Maybe I should slow down. What is this book even about? An excellent, hard to answer question. It's about a place called Area X. There's not a lot known about this place, but it's this crazy jungle that's cut off from the rest of civilization. Nobody really seems to know what goes on there and the only way to get in is through a government agency's (the Southern Reach) mysterious "border." Eleven expeditions had previously been sent in to explore the mysteries of Area X, but they all either killed themselves, killed each other, or somehow crossed the border and returned to their homes only to die of cancer shortly after. Strange things are clearly going on in this area, as the menacing name would suggest.

This is a story about the twelfth expedition. It is a group of four women who only go by the names the Biologist (she might as well be called the Main Character), the Anthropologist, the Surveyor, and the Psychologist. They all basically know nothing about the area or what they're really supposed to be doing there. The Psychologist has to put them under hypnosis so they don't like die of fright or something when they go over the weird border. They get there and everything's pretty jungle-y and typical until they find a big stone mound with stairs tunneling into the earth. They were given maps, but that wasn't on there. So they go down these stairs, a great idea, and they find words on the wall. Growing in fungus. THAT'S WEIRD. The Biologist gets a little too close and sniffs a fungus spore. But that makes her immune to hypnosis, which apparently the Psychologist continues to use on them.

The Psychologist says some hypnosis trigger word and the rest get knocked out, so the Biologist has to fake it. She lists a bunch of commands and in them is something along the lines of "you will continue to believe the mound is made of stone." WHAT? WHAT EVEN? That is only in the first 20 pages or so. It gets weirder. More inexplicable things happen. It gets scarier. And you get more and more engrossed in the story. It flips between Area X and occasionally the Biologist before her expedition. I won't say any more.

I raced through this book. My own apartment was suddenly very scary at night. This book created a subtle, intense atmosphere that stayed with me and left me hyper-aware of my surroundings. I really love when stories or movies focus on environments. I feel like they can really set the tone for a plot like very little else can. Sometimes the writing felt a little dry, or vaguely scientific (not in vocabulary or content, but in style) perhaps because the narrator was a biologist. But other than that, I really loved this book. It keeps you wondering what's really going on. What is the Tower? What is the Southern Reach? What the hell is going on in Area X? And how much do these expedition members really know?

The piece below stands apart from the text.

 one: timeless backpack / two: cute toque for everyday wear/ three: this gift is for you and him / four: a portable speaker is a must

I'm pretty confident this won't be a trilogy that disappoints. I can't wait to get my hands on that last book.

I think I'm in love.


Some Quotes:

"The beauty of it cannot be understood, either, and when you see beauty in desolation it changes something inside you. Desolation tries to colonize you"

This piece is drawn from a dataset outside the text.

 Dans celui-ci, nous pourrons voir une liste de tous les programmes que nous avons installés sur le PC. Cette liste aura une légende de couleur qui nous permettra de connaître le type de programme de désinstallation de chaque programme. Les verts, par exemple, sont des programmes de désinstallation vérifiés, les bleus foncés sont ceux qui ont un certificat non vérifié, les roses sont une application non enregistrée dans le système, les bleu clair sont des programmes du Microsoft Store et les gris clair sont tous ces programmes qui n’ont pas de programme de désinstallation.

"If funding for a project ran out, or the area we studied was suddenly bought for development, I never returned. There are certain kinds of deaths that one should not be expected to relive, certain kinds of connections so deep that when they are broken you feel the snap of the link inside you."

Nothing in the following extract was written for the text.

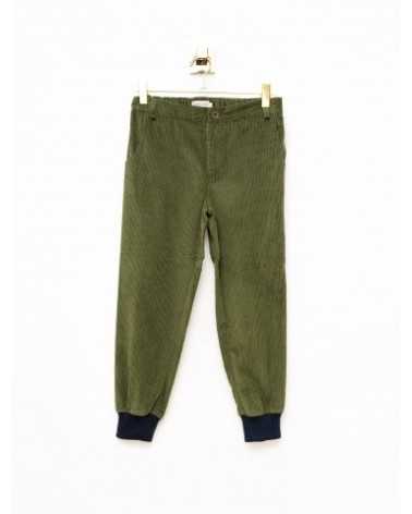 Pantalón Jogging en Color Verde. Modelo de Pantalón Jogging Verde en tejido de Pana. El Pantalón Jogging Pana Verde tiene cintura ajustable interior y puño en elástico Color Azul Marino.

"I walked as quietly as possible through the ruined village under just a sliver of moon, unwilling to risk my flashlight. The shapes in the exposed remains of rooms had gathered a darkness about them that stood out against the night and in their utter stillness I sensed an unnerving suggestion of movement."


Outlandishness Rating: 9/10

Need I explain myself? So much weird. It is almost a constant barrage of strange new things that they are finding or learning. And rarely does any of it get explained (in this book at least). I would say more, but I can't! If you're looking for the outlandish, here it is. Read this book already!